Subject: zip drive: followup
To: None <current-users@NetBSD.ORG>
From: der Mouse <mouse@Collatz.McRCIM.McGill.EDU>
List: current-users
Date: 02/05/1996 19:38:35
I just got off the phone with iomega technical support about the zip
drive.

First, about cables: the tech support person told me the pinout _is_
normal Macintosh SCSI DB-25.  The failure I mentioned when someone
accidentally reversed the cable means either that particular cable is
marginal or something else was wrong at the same time.  Perhaps they
_did_ cut corners and do a 25-wire cable instead of a real SCSI cable.

Second, about 96MB versus 100MB: the official line seems to be that the
100MB is unformatted capacity.  _I_ still think it's really metric
megabytes instead of real megabytes.

Third, real geometry: he said the appropriate geometry for a UNIX
system was 2406 cylinders, 2 alternates, 2408 physical cylinders, 2
heads, 40 sectors/track, 3600 rpm, 192480 blocks.  Since the size the
drive itself claims is _exactly_ 96 megabytes, this seems very fishy;
these are possibly just numbers that keep a Sun happy.  (I say Sun
because of the "2 alternates"; AFAIK this delusion that all drives must
have "alternate" cylinders is a Sun invention.)

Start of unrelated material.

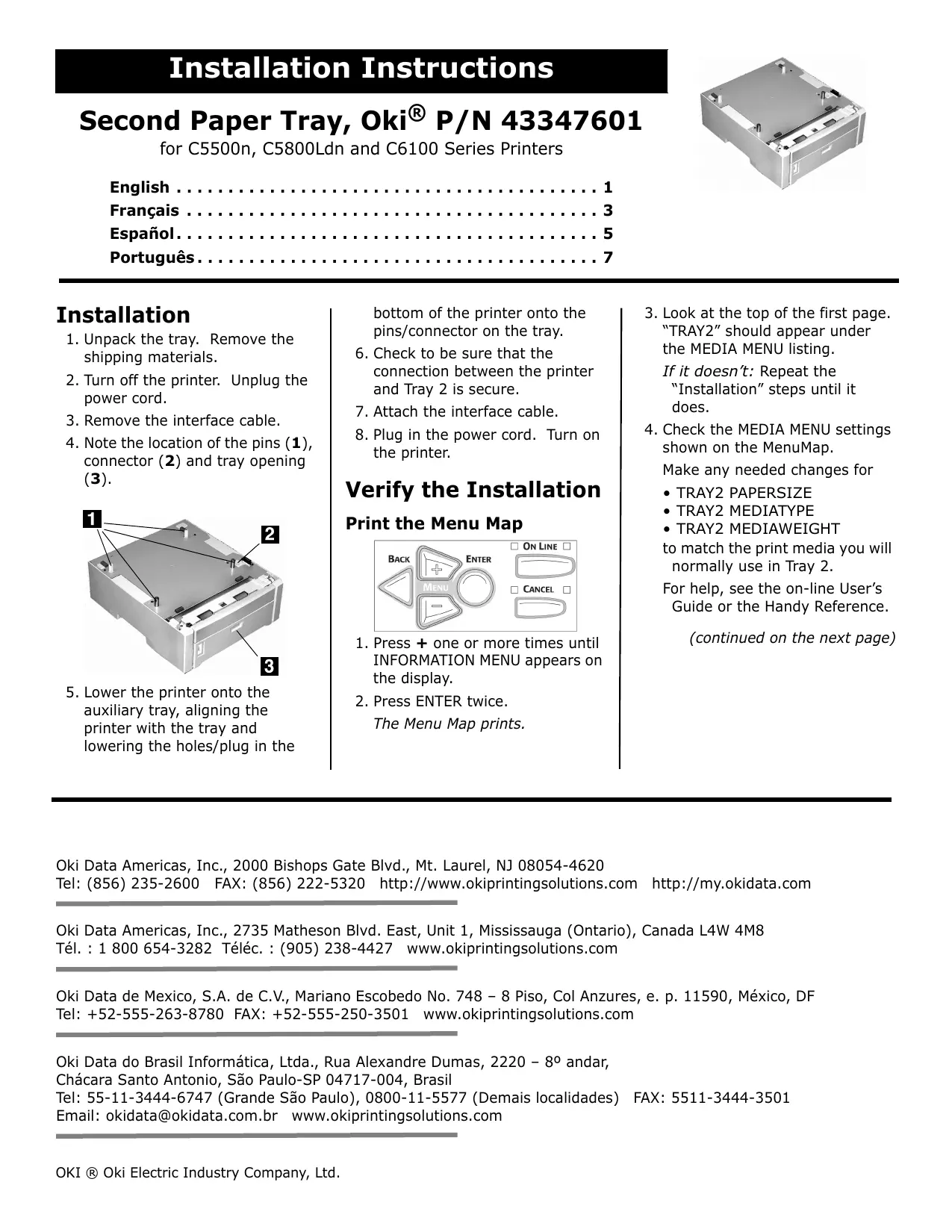 (Appliquer les changements). Quittez pour accéder au bureau. Français Instrucciones de Instalación Segunda Bandeja de Papel, Oki® P/N 43347601 para impresoras C5500n, C5800Ldn, y Serie C6100 Instalación

Fourth, write-protect: there is some sort of software write-protect
(this is clear from the accompanying paper docs, such as they are),
which is pretty silly unless the drive firmware implements passworded
access (which it may).  I asked the tech support person if the software
protocol involved was anything that could be let out short of a
nondisclosure agreement; I don't have an answer yet - the person I
spoke with didn't know how it worked and had to talk with someone else.

I have an email outstanding to them, asking (a) if there is a hardware
write-protect if you open the case, and (b) about the software
write-protect protocol; if and when I hear back, I'll followup here.